As Prepared for Delivery
Hello everyone. I’m glad to be marking the second anniversary of the Bipartisan Infrastructure Law with new Treasury Department analysis showing the tremendous impact of the Biden Administration’s investments in infrastructure.
Public infrastructure investment is essential to economic growth. According to one analysis, a 10 percent increase in public capital investments in core physical infrastructure increases productivity by more than 2 percent. And due in large part to this productivity increase, public investments in infrastructure grow national output, by as much as 1.2 percent in the long run for every 10 percent increase in public capital investment.
Yet U.S. infrastructure investment has fallen sharply in recent decades. It declined as a share of the economy in 42 states between 2009 and 2021, including during the early days of the recovery from the pandemic.
Two years ago, the Bipartisan Infrastructure Law changed that. Treasury’s new analysis shows that the two-year increase in state and local capital investment as a share of GDP is the largest since 1979. The Biden Administration has announced nearly $400 billion in funding, including over 40,000 projects and awards. Americans are seeing the changes in their own communities. Bridges are being repaired. Roads are being paved. Airports are being improved.
These investments are boosting our country’s economic strength and resilience for the long haul. And they’re also broadening economic opportunity for people and places that have historically been left behind.
It’s gratifying that we’re seeing this in the data just two years after the BIL was passed. Investments are creating well-paying construction jobs, many of them union jobs that don’t require a college degree. And Treasury’s new analysis shows that funding is going where it’s needed most across the country, not just to the coasts or to wealthy communities. States with the lowest-rated public infrastructure are receiving more than twice as much funding per capita as states with the highest-rated infrastructure. And funding is tending to land in states with lower median household incomes. This is the reverse of the typical pattern, which is that higher-income states invest more in infrastructure.
Funding is also being more broadly distributed. Take spending on public transit—crucial for both equity and addressing climate change, since less-wealthy Americans are more likely to rely on public transit, and reliable public transit encourages everyone to reduce gasoline use. In 2019, only five states accounted for about two-thirds of all investment in public transit. Our analysis shows that those five states accounted for only about 40 percent of BIL funding. Ten states are receiving BIL transit funding that, per capita, is more than ten times their pre-pandemic annual transit investment. An additional ten states are receiving five times as much. And 18 other states are receiving two times as much.

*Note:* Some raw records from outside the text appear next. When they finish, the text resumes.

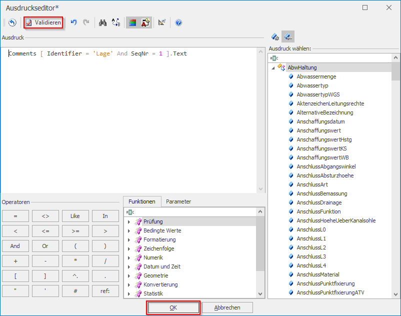 2. Dadurch öffnet sich nun ein Ausdruckseditor, in dem der nachfolgende Ausdruck eingegeben werden sollte. Dazu können Sie entweder die Objekthierarchie und die Operatoren nutzen oder Sie tragen den Ausdruck von Hand ein. Überprüfen Sie den Ausdruck mit dem Button Validieren im Menü und bestätigen Sie die Eingabe mit OK.
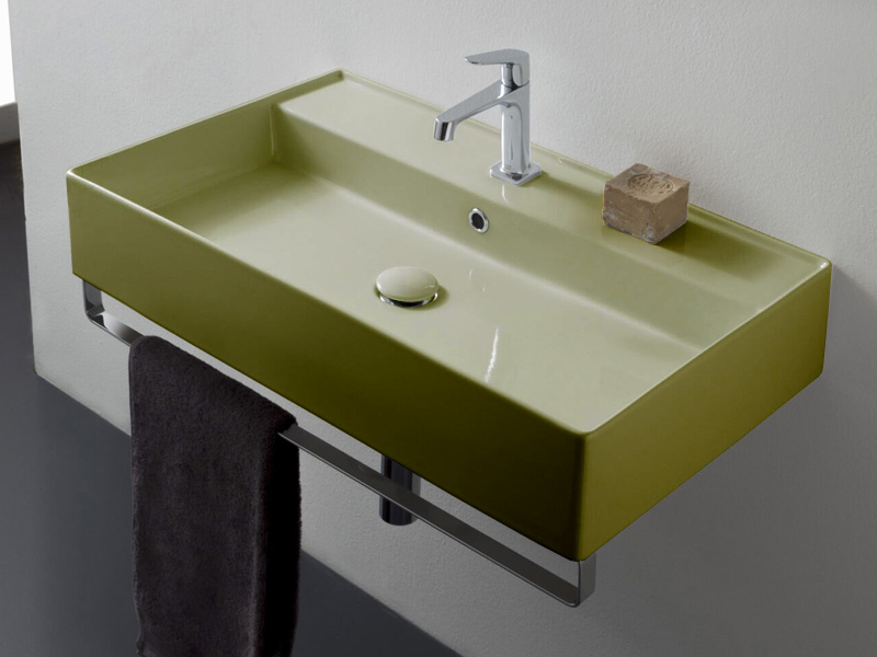 SCARABEO TEOREMA 2.0 5110 Раковина накладная или подвесная с одним отверстием под смеситель, с сливом - переливом. Настенные крепления и перелив входят в комплект. Размеры: 80x46x14,5h см. Цвет Glossy lime.
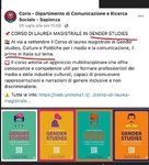 “Il Corso di Laurea Magistrale in ‘Gender studies, culture e politiche per i media e la comunicazione’ ha il suo focus culturale e formativo negli studi di genere applicati all’analisi della comunicazione e dei media e alla produzione di contenuti a carattere informativo, culturale, di intrattenimento, di comunicazione istituzionale, politica e dei brand capaci di integrare una prospettiva gender sensitive volta a promuovere, a livello culturale, un racconto e una rappresentazione delle identità di genere inclusivi e non discriminatori”.
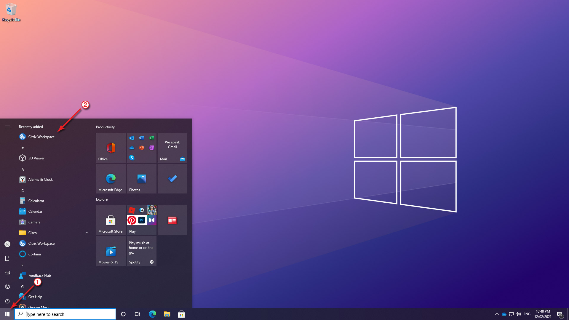 Minimise or quit out of your web browser and click on the Start menu, then on

The BIL, along with the CHIPS and Science Act and the Inflation Reduction Act, exemplify the President’s and my belief that America’s economic strength is derived from our middle class, and that we should seek to grow our economy from the bottom up and the middle out, not the top down. This is at the core of the President’s economic strategy—what we call Bidenomics. And it also aligns with what I’ve called modern supply-side economics, increasing our long-term productive capacity while broadening economic opportunity across the country and addressing challenges like climate change.
Our legislation is having a transformational impact. Alongside the impacts I’ve highlighted today, real manufacturing construction has doubled since the end of 2021, and private sector investments in key sectors like electric vehicle manufacturing are reaching communities that have been too often overlooked.
I am hopeful about the long-term economic momentum in the U.S. economy, and I believe our Administration’s economic plan will keep us on the right track. Thank you for joining today.